- _WHAT NEEDS TO BE DONE_: A word-for-word copy of the data is what's wanted, with no pictures.

- _SUPPLIED INFORMATION_:

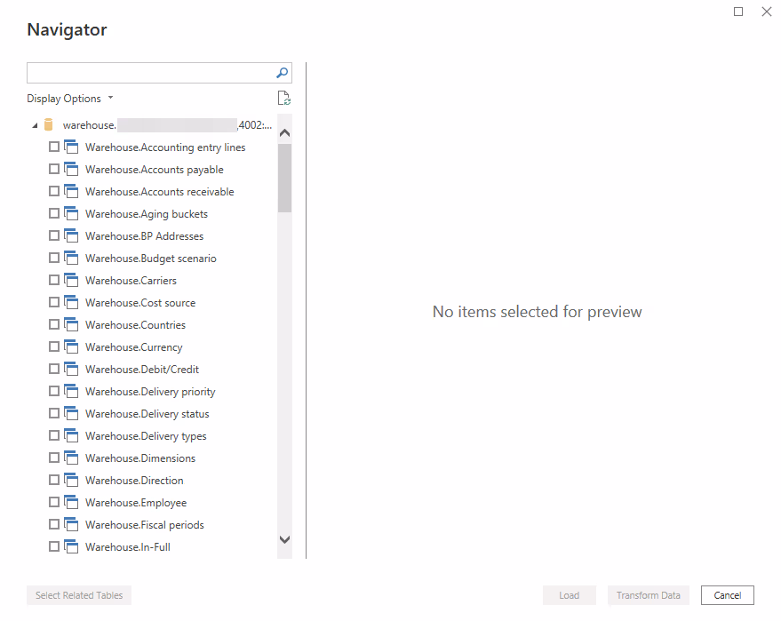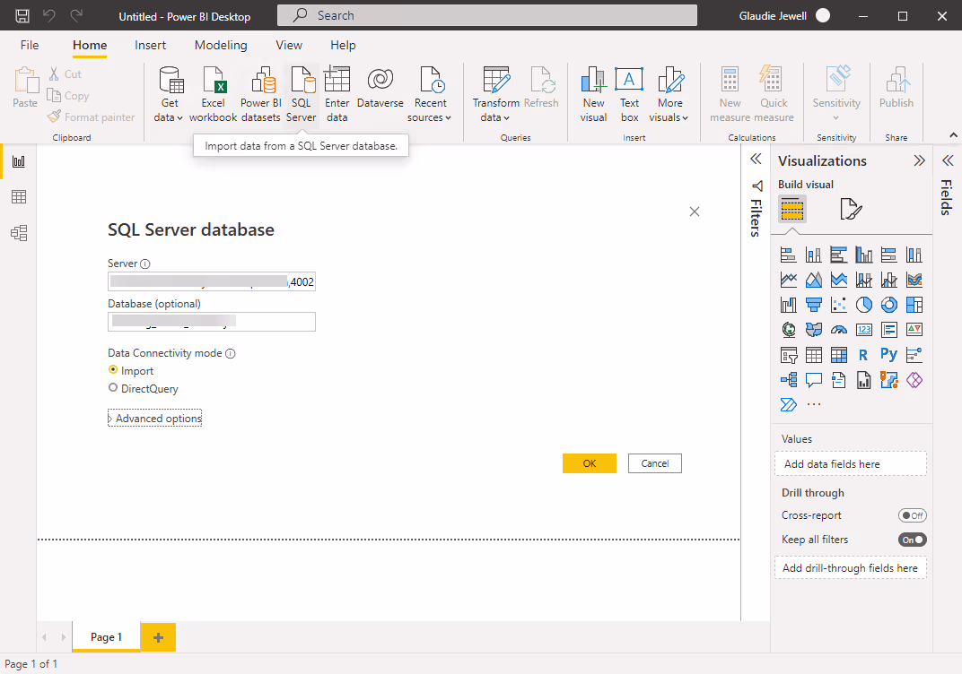 In Power BI connect to SQL Server. Provide the Server and database details. Click Ok.
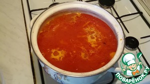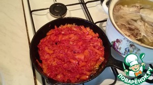 Варим 15 минут. Затем перекладываем в кастрюлю зажаренные овощи с томатной пастой и продолжаем готовить ещё 10 минут.
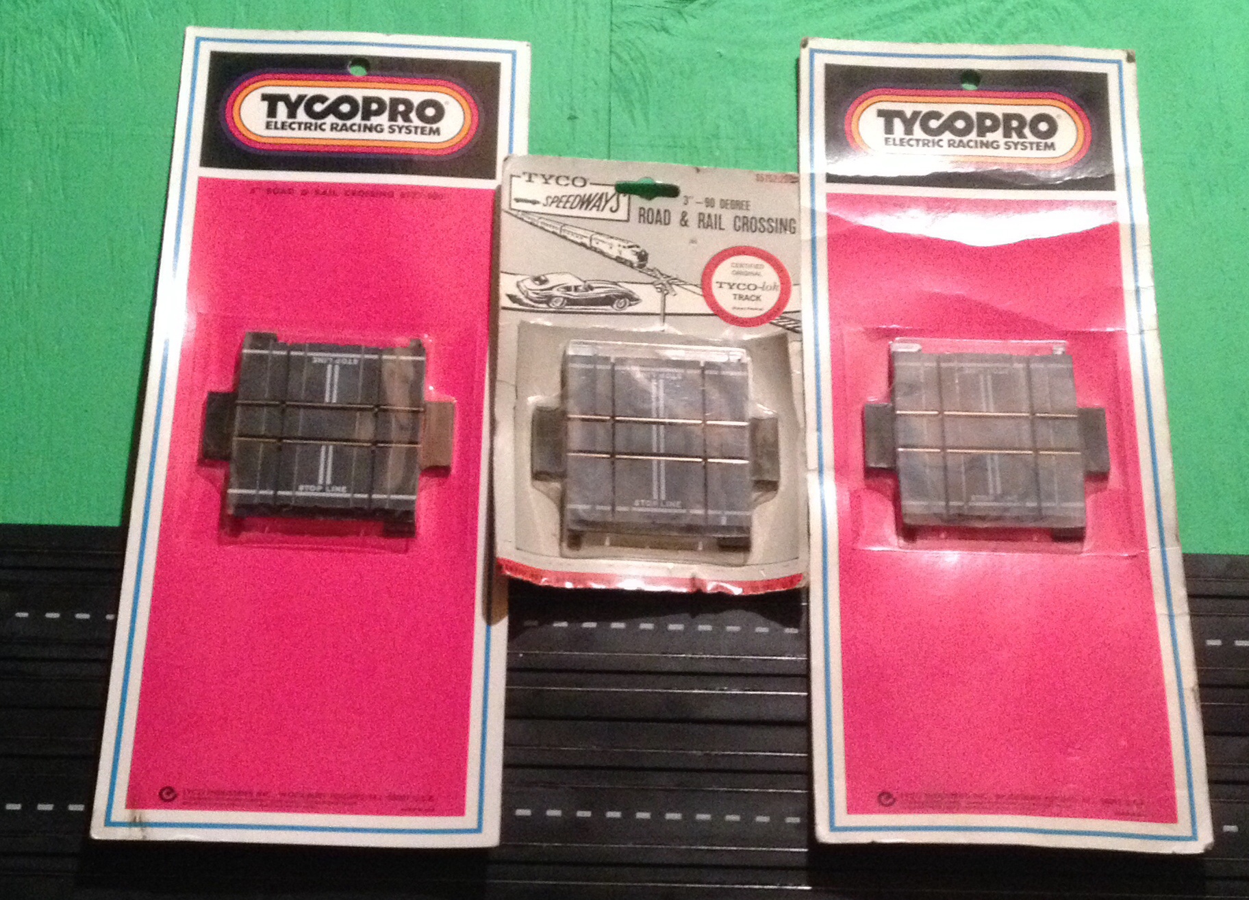 Not really an accessory but wanted to share these three new on card Road and Rail slot car crossings. I have used 6 nice ones on the layout. I have one nice loose, and these 3 left ...

- _OUTPUT OF THE TASK_:
 In Power BI connect to SQL Server. Provide the Server and database details. Click Ok.
 Варим 15 минут. Затем перекладываем в кастрюлю зажаренные овощи с томатной пастой и продолжаем готовить ещё 10 минут.
 Not really an accessory but wanted to share these three new on card Road and Rail slot car crossings. I have used 6 nice ones on the layout. I have one nice loose, and these 3 left ...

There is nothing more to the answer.